Provided data:
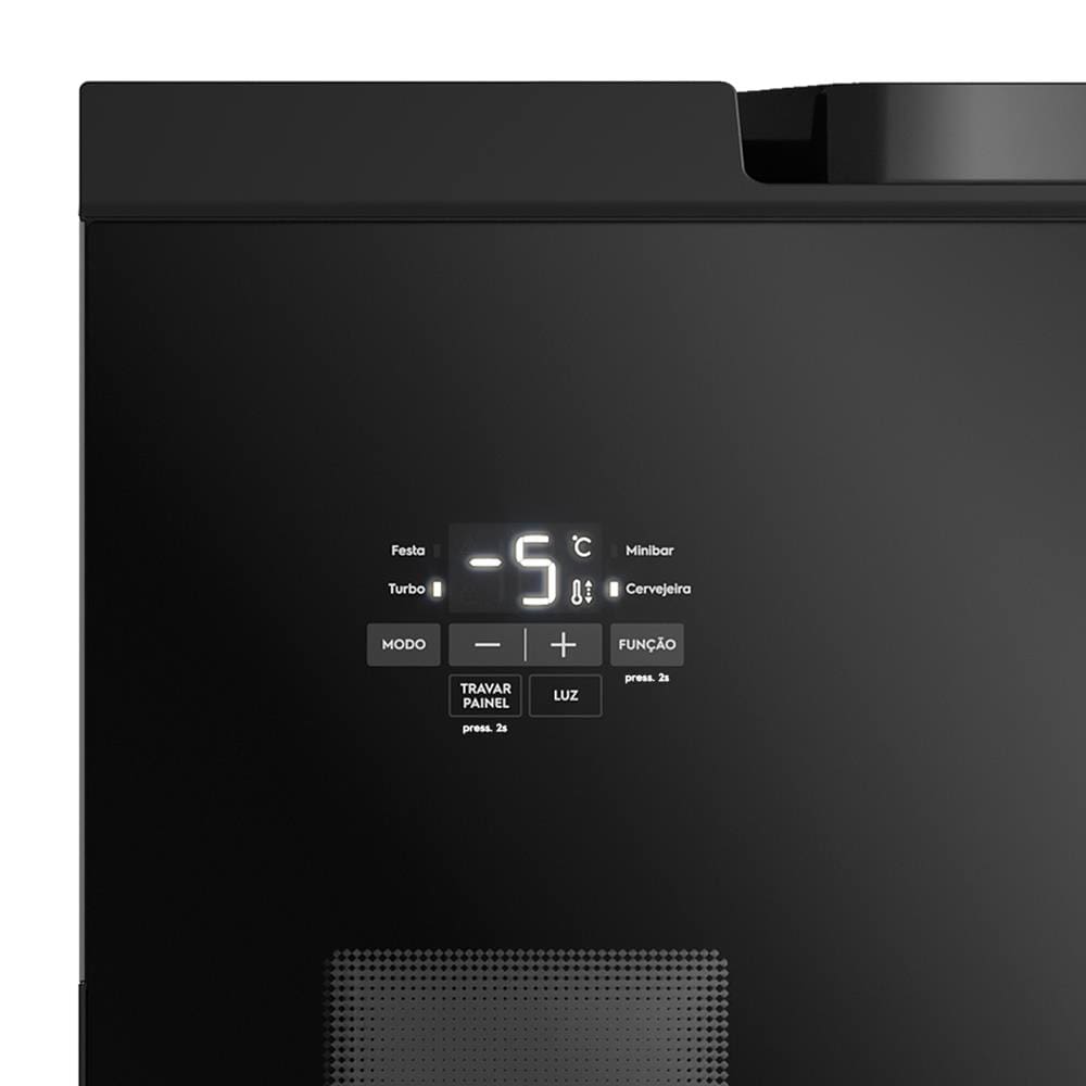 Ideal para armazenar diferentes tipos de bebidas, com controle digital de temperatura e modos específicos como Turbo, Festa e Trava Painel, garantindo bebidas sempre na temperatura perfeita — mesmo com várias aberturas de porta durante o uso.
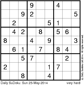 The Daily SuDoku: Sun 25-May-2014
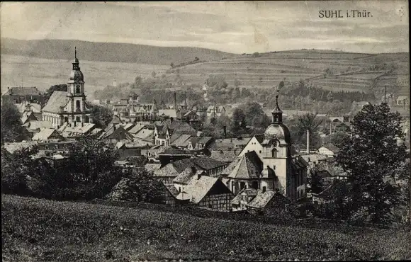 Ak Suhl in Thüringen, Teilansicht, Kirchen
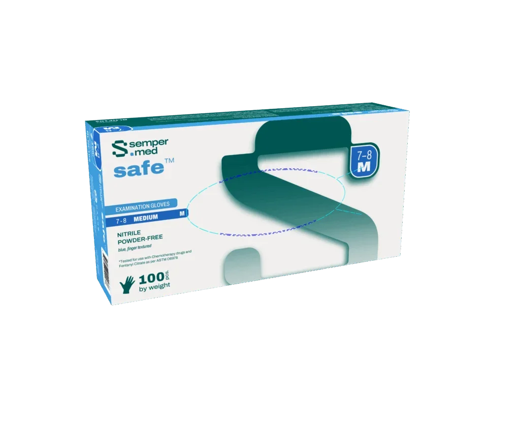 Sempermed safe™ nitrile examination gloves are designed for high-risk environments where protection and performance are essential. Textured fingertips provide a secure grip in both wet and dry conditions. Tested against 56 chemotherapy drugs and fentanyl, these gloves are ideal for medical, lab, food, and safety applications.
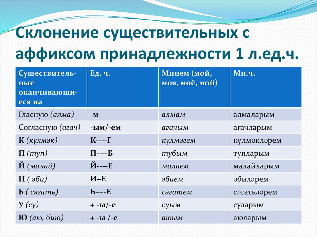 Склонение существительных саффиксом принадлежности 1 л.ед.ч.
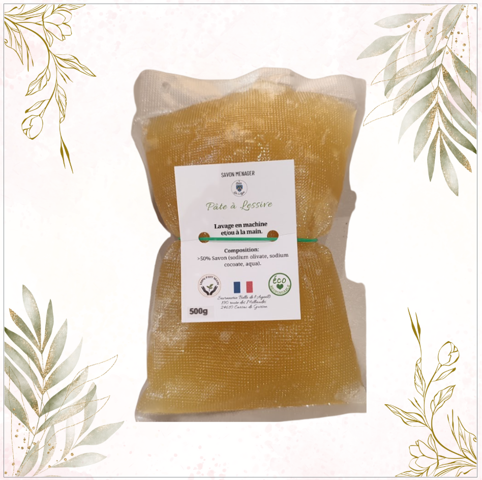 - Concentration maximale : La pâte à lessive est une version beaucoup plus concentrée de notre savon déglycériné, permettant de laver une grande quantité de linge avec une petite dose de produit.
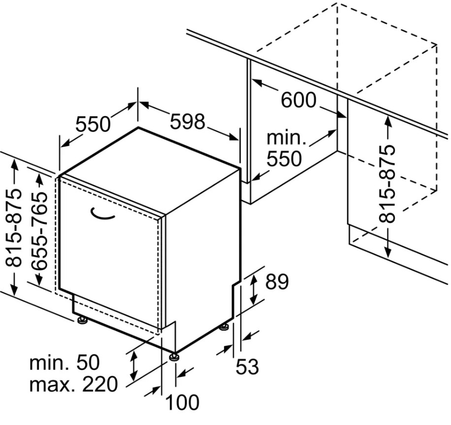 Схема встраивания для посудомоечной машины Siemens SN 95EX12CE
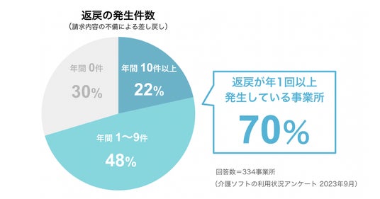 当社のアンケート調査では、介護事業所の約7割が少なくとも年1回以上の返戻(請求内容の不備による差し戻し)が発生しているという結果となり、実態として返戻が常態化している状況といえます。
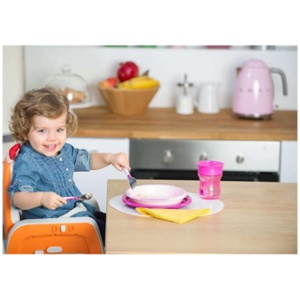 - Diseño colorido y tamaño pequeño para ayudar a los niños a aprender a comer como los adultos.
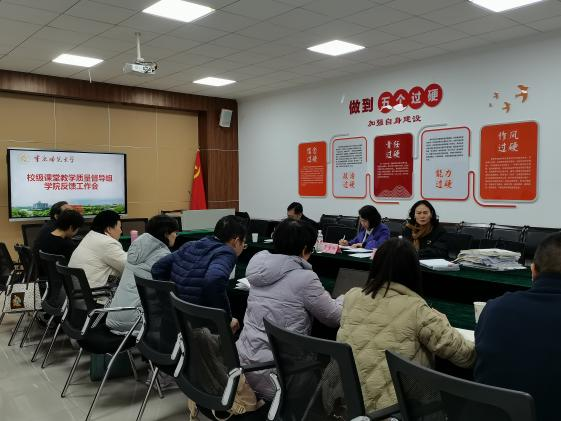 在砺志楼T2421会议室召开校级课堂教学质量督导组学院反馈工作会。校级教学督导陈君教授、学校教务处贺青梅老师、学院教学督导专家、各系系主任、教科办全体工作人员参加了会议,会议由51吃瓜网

What is being asked:
Leaving every image behind, repeat the data in full and exactly.

Solved exercise:
 Ideal para armazenar diferentes tipos de bebidas, com controle digital de temperatura e modos específicos como Turbo, Festa e Trava Painel, garantindo bebidas sempre na temperatura perfeita — mesmo com várias aberturas de porta durante o uso.
 The Daily SuDoku: Sun 25-May-2014
 Ak Suhl in Thüringen, Teilansicht, Kirchen
 Sempermed safe™ nitrile examination gloves are designed for high-risk environments where protection and performance are essential. Textured fingertips provide a secure grip in both wet and dry conditions. Tested against 56 chemotherapy drugs and fentanyl, these gloves are ideal for medical, lab, food, and safety applications.
 Склонение существительных саффиксом принадлежности 1 л.ед.ч.
 - Concentration maximale : La pâte à lessive est une version beaucoup plus concentrée de notre savon déglycériné, permettant de laver une grande quantité de linge avec une petite dose de produit.
 Схема встраивания для посудомоечной машины Siemens SN 95EX12CE
 当社のアンケート調査では、介護事業所の約7割が少なくとも年1回以上の返戻(請求内容の不備による差し戻し)が発生しているという結果となり、実態として返戻が常態化している状況といえます。
 - Diseño colorido y tamaño pequeño para ayudar a los niños a aprender a comer como los adultos.
 在砺志楼T2421会议室召开校级课堂教学质量督导组学院反馈工作会。校级教学督导陈君教授、学校教务处贺青梅老师、学院教学督导专家、各系系主任、教科办全体工作人员参加了会议,会议由51吃瓜网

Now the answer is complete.